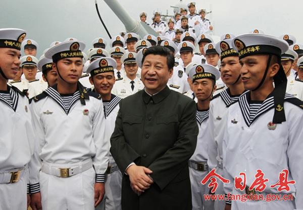 2012年12月8日,習(xí)近平在海軍海口艦上與水兵親切交談。新華社記者 王建民 攝
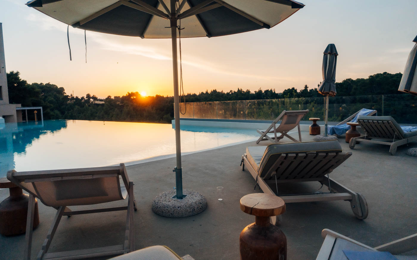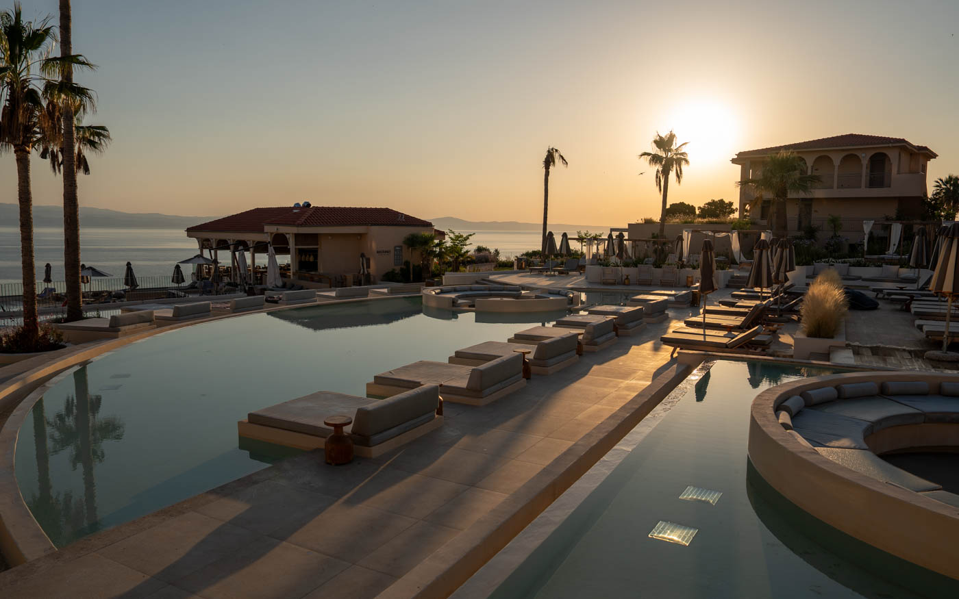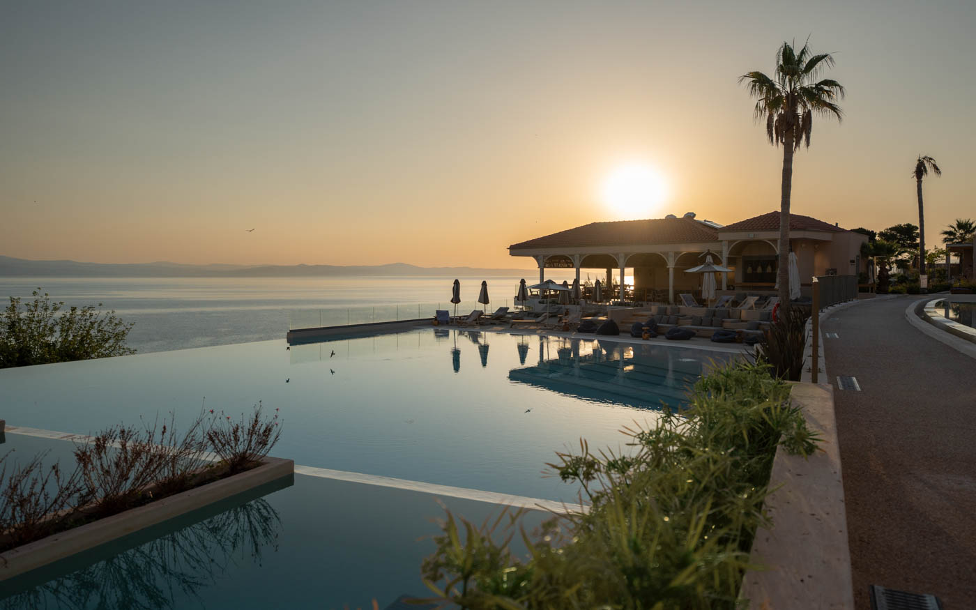 Das Highlight ist der Infinity-Pool. Lehnt man sich an die Kante des Beckens, so kann man einen spektakulären Blick auf die gebirgige Landschaft, den Wald, sowie den Strand und das Meer. Der Eingang zum Pool verläuft kontinuierlich (Lagunenpool), das Wasser wird also immer tiefer und man muss nicht erst über einen Leiter hineinklettern.
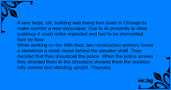 While working on the 49th floor, two construction workers found a skeletonin a small closet behind the elevator shaft. They decided that they shouldcall the police. When the police arrived they directed them to the closetand showed them the skeleton fully clothed and standing upright. Theysaid, "This could be Jimmy Hoffa or somebody really important."
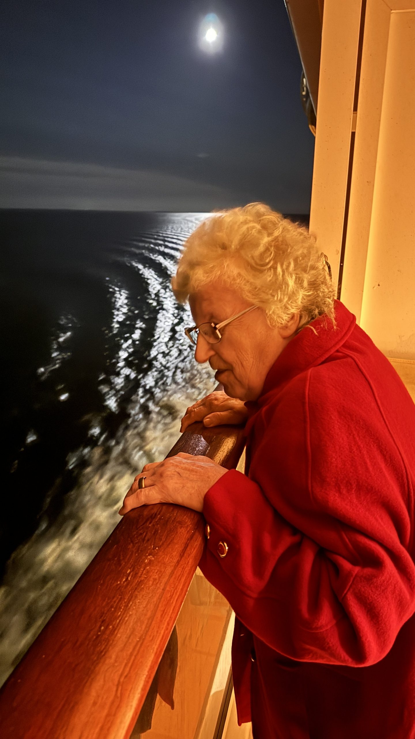 Als meine Mutter das gigantische Schiff zum ersten Mal mit eigenen Augen sah, blieb sie stehen. Fast 90 Jahre alt – und dieser Moment gehörte nur ihr. Ihre Augen wurden groß, ihr Blick wanderte vom markanten Kussmund am Bug bis hinauf zu den oberen Decks. Man konnte sehen, wie sich ein Lebenstraum in diesem Augenblick erfüllte.
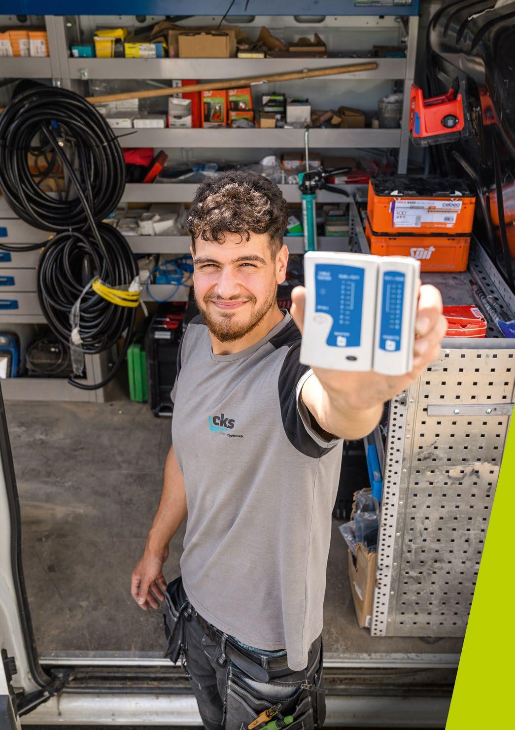 “Wat ik het meest waardeer in mijn werk, is de vrijheid die ik krijg. Hoewel ik een ploegbaas heb, werk ik vaak zelfstandig. Mijn collega Hasan heeft me veel bijgebracht, vooral over HVAC en het installeren van elektrische componenten. Voor mij is leren één van de belangrijkste en leukste aspecten van mijn job. Ik ben nu al een jaar zelfstandig onderweg met een camionette, en dat vind ik fantastisch! In de toekomst wil ik ook graag laadpalen installeren. CKS gaat bij alle vestigingen van Aldi een laadpaal plaatsen. Daar zou ik graag aan meewerken.”
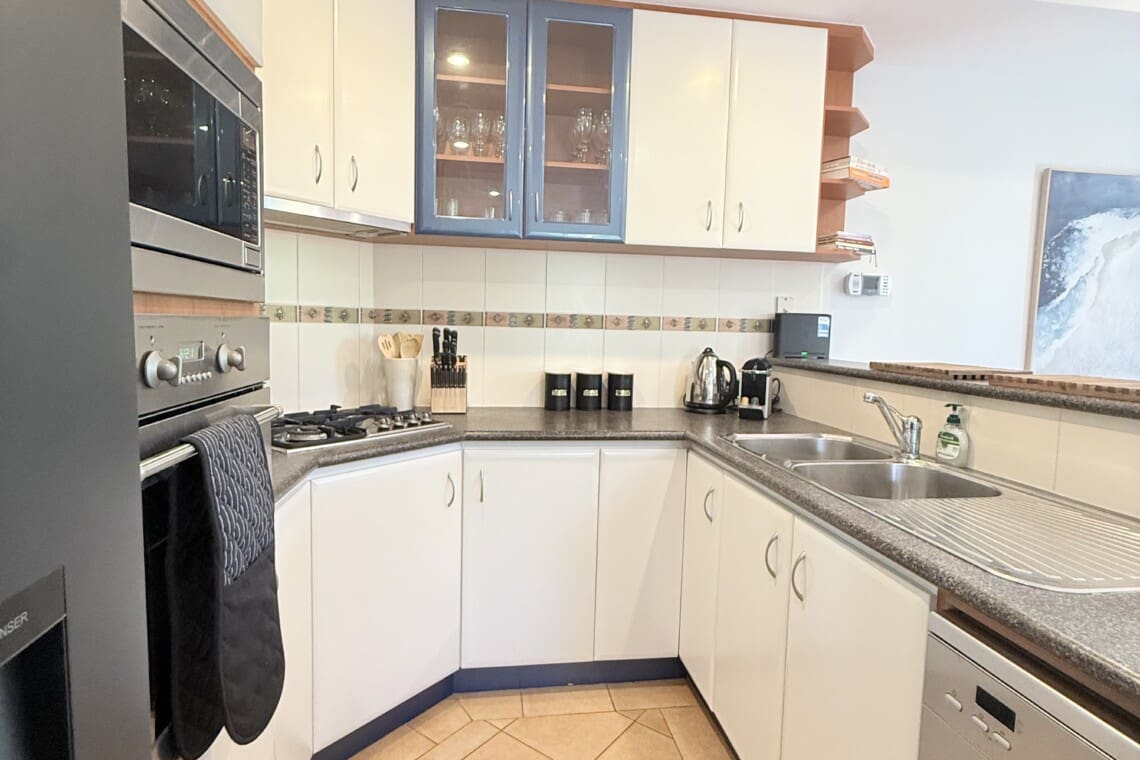 * Fully equipped modern kitchen with oven, stove, and rangehood
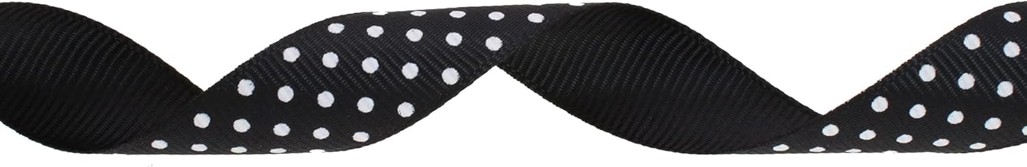 Polka Dot Grosgrain Ribbon 25 Yard Each Roll 100% Polyester (3/4", Black)
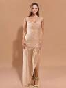 Vestido largo de mujer de unicolor con malla, con cristales de estrás brillantes, dividido, para fiestas, bodas, eventos formales y de noche, elegante

· · · · · · ·

## [Exercise objective]
Starting with the first line of the material, print each line exactly until you have printed the line with "Als meine Mutter", and skip the pictures.

## [Task result]
 2012年12月8日,習(xí)近平在海軍海口艦上與水兵親切交談。新華社記者 王建民 攝
 Das Highlight ist der Infinity-Pool. Lehnt man sich an die Kante des Beckens, so kann man einen spektakulären Blick auf die gebirgige Landschaft, den Wald, sowie den Strand und das Meer. Der Eingang zum Pool verläuft kontinuierlich (Lagunenpool), das Wasser wird also immer tiefer und man muss nicht erst über einen Leiter hineinklettern.
 While working on the 49th floor, two construction workers found a skeletonin a small closet behind the elevator shaft. They decided that they shouldcall the police. When the police arrived they directed them to the closetand showed them the skeleton fully clothed and standing upright. Theysaid, "This could be Jimmy Hoffa or somebody really important."
 Als meine Mutter das gigantische Schiff zum ersten Mal mit eigenen Augen sah, blieb sie stehen. Fast 90 Jahre alt – und dieser Moment gehörte nur ihr. Ihre Augen wurden groß, ihr Blick wanderte vom markanten Kussmund am Bug bis hinauf zu den oberen Decks. Man konnte sehen, wie sich ein Lebenstraum in diesem Augenblick erfüllte.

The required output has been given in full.